What I find amazing by these predictions (or if you prefer "forecasts" or "trends"), is that the bad guys will benefit more than the good guys. The assumption here is that losses will grow dramatically, which runs contrary to the narrative given by many cyber companies that says AI and GenAI will reduce losses.

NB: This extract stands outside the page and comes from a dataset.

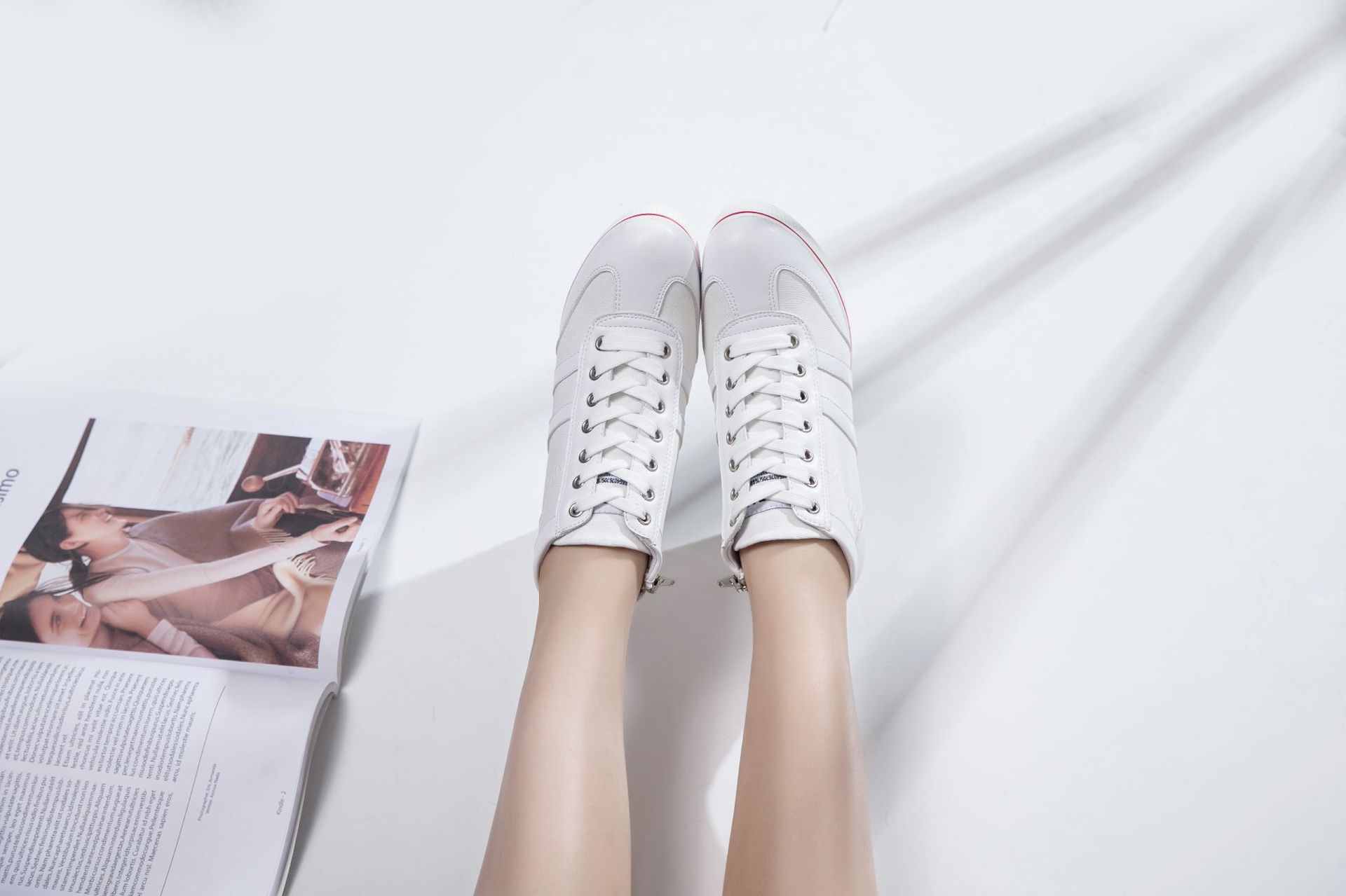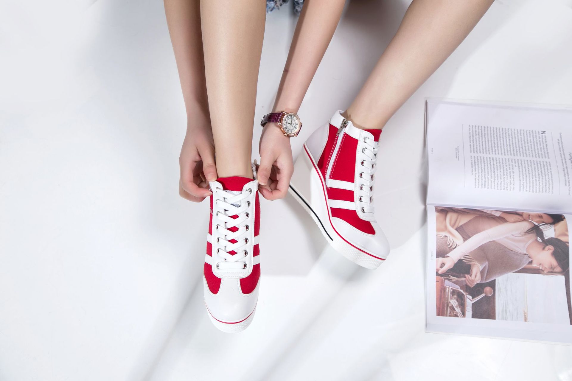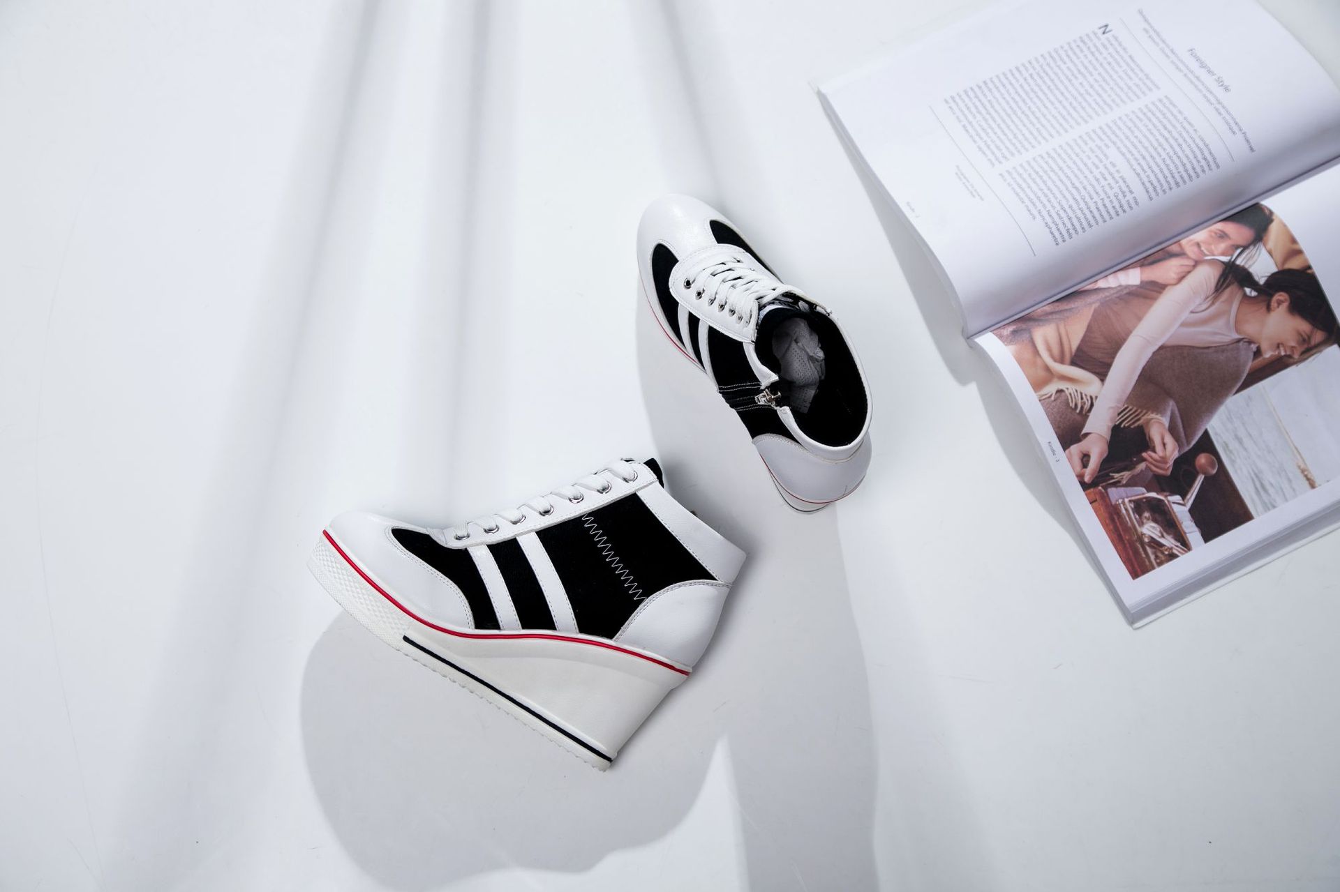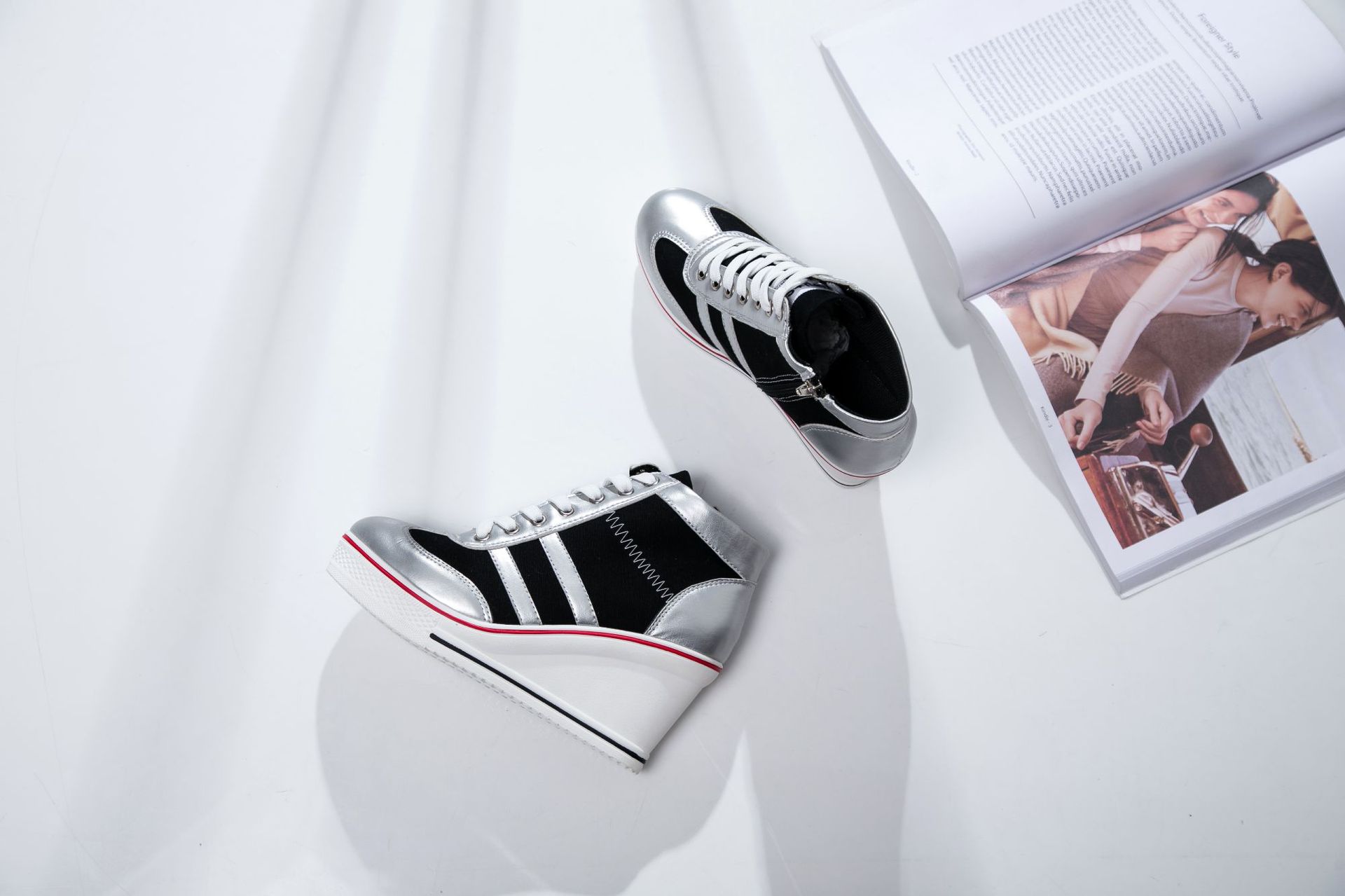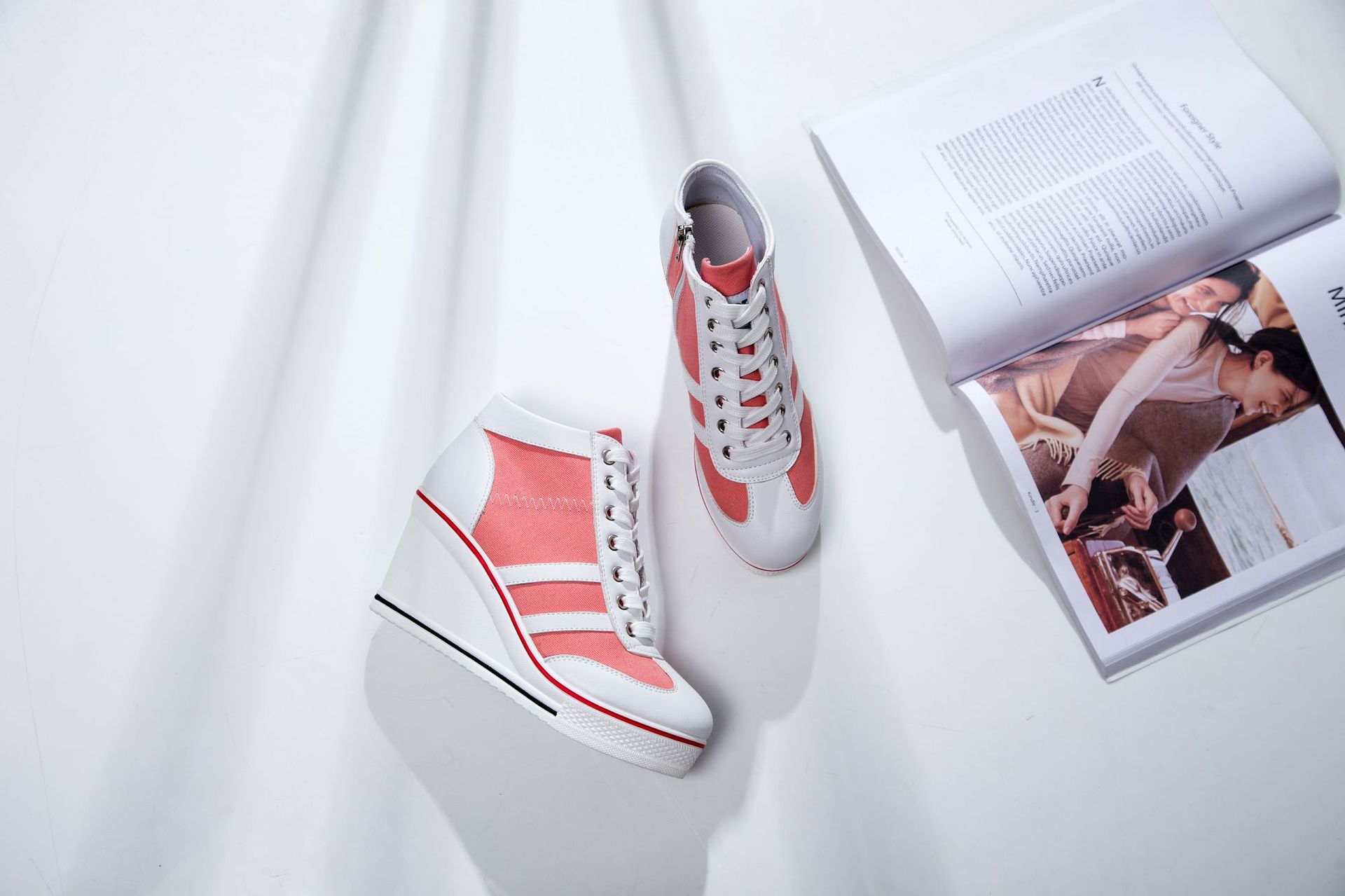 Niulatu Women Wedge Mesh Platform Casual Sneakers Side Zip Lace Cake Heel Booties 8cm Height Increased Canvas Stitching Color Shoes DJSE

Lastly, Helen Yu posted this excellent infographic on LinkedIn that offers Gartner’s top-nine trends in cybersecurity in mid-2024. I’ll let you go to her post to see those items in interactive form.
FINAL THOUGHTS
While I was doing research for this blog I came across this YouTube Conquest Cyber video from two years ago at the Gartner Security and Risk Management Summit. It grabbed my attention because it includes me in several of the clips, including the thumbnail.
One final item. I was fascinated by this CNBC post entitled Microsoft employees’ cybersecurity contributions will factor into their pay. The main points include:
- For top Microsoft executives, one-third of the “individual performance” portion of their bonuses in the new fiscal year will be tied to a review of their cybersecurity work, the company’s president, Brad Smith, told a U.S. House committee ahead of a hearing on Thursday.
- Individual employees will discuss with their managers their cybersecurity contributions in twice-annual reviews that factor into total compensation.
The main message: Not only is everyone focused on cybersecurity in mid-2024, but their pay depends on successful resilience efforts. That is progress IMHO.